--- EXERCISE INSTRUCTIONS ---
From the records below, output exactly the lines running from the line containing "JOGO DE CAMA" through the line containing "11:45:11 | ||", and no others.

------ DATA IN THIS EXERCISE ------

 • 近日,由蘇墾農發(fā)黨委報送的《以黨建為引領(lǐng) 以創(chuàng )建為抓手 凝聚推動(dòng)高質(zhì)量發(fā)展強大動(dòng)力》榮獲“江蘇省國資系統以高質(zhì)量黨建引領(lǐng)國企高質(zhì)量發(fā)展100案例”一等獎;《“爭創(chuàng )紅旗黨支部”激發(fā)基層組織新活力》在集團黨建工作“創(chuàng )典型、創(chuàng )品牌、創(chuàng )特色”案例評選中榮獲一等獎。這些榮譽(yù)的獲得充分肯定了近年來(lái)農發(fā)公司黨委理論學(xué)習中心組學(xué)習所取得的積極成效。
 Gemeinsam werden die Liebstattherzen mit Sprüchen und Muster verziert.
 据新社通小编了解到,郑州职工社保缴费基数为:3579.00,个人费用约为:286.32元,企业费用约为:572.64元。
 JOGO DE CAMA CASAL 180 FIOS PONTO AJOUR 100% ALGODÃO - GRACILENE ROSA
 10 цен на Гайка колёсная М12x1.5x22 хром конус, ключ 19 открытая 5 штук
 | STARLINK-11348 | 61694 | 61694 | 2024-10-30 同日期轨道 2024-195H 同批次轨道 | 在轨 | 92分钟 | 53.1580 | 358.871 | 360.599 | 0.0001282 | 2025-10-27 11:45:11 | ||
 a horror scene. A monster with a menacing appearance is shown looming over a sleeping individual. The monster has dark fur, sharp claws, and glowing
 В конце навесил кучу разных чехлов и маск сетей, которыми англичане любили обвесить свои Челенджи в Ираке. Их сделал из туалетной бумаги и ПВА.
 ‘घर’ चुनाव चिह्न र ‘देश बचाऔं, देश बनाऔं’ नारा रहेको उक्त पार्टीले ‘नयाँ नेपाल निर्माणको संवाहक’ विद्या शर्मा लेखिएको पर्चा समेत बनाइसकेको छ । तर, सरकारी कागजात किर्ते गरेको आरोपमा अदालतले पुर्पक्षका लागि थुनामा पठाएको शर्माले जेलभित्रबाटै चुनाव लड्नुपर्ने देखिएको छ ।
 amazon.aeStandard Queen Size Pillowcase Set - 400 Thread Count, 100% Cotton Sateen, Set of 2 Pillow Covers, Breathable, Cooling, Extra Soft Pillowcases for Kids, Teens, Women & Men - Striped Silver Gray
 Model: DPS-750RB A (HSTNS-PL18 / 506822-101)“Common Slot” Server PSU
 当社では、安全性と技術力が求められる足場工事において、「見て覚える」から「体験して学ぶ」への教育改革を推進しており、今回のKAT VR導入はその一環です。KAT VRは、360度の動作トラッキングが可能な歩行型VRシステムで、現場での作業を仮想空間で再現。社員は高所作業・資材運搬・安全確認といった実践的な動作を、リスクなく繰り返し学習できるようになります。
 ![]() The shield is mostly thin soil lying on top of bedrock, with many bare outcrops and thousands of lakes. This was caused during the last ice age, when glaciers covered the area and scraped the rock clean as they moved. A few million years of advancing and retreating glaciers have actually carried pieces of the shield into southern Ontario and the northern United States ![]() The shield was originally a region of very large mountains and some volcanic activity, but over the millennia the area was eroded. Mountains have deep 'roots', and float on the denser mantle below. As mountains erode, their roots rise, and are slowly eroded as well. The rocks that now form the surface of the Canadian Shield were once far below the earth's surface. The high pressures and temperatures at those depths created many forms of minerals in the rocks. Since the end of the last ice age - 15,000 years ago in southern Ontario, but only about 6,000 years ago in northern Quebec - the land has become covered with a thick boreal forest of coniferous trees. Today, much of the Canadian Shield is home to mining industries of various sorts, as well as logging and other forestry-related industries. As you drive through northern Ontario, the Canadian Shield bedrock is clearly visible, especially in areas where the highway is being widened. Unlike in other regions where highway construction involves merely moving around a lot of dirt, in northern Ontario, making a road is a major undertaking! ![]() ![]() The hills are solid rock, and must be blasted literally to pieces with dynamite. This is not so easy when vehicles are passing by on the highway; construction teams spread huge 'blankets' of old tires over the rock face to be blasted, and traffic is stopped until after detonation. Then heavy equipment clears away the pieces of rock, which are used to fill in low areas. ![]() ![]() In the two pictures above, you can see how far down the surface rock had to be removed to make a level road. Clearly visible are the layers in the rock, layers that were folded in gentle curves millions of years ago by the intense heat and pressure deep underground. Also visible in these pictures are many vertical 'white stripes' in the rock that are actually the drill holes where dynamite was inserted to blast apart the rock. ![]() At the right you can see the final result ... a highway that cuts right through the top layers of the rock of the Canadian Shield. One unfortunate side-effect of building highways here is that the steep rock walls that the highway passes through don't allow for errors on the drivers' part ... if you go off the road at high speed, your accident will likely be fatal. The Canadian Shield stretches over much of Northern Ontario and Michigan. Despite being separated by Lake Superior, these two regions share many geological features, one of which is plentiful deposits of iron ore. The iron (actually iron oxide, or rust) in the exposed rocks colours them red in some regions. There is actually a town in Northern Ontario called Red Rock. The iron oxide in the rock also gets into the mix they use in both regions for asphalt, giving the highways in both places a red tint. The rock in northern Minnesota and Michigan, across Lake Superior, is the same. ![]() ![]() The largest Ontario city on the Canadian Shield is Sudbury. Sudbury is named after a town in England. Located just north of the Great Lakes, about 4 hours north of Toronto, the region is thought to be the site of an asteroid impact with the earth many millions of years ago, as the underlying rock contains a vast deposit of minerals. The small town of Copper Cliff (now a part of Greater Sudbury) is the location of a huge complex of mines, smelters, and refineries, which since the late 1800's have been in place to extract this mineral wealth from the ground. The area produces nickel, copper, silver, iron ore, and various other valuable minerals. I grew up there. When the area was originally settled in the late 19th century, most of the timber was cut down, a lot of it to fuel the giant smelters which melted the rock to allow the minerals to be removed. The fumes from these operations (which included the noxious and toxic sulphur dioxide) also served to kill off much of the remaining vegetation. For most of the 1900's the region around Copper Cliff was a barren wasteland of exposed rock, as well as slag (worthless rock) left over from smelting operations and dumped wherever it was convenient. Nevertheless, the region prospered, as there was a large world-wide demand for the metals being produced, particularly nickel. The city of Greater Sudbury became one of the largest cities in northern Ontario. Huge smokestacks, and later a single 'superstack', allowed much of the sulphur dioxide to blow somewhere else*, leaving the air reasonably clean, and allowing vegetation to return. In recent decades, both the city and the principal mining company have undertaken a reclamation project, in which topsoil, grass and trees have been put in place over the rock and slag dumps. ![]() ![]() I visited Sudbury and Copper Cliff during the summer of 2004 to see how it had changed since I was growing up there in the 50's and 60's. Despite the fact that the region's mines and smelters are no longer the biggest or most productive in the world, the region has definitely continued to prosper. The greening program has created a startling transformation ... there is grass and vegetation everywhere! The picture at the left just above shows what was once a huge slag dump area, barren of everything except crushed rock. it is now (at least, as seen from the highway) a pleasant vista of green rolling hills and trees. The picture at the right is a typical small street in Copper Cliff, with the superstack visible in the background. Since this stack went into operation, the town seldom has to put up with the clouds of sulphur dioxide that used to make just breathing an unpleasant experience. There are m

------

--- TASK RESPONSE ---
 JOGO DE CAMA CASAL 180 FIOS PONTO AJOUR 100% ALGODÃO - GRACILENE ROSA
 10 цен на Гайка колёсная М12x1.5x22 хром конус, ключ 19 открытая 5 штук
 | STARLINK-11348 | 61694 | 61694 | 2024-10-30 同日期轨道 2024-195H 同批次轨道 | 在轨 | 92分钟 | 53.1580 | 358.871 | 360.599 | 0.0001282 | 2025-10-27 11:45:11 | ||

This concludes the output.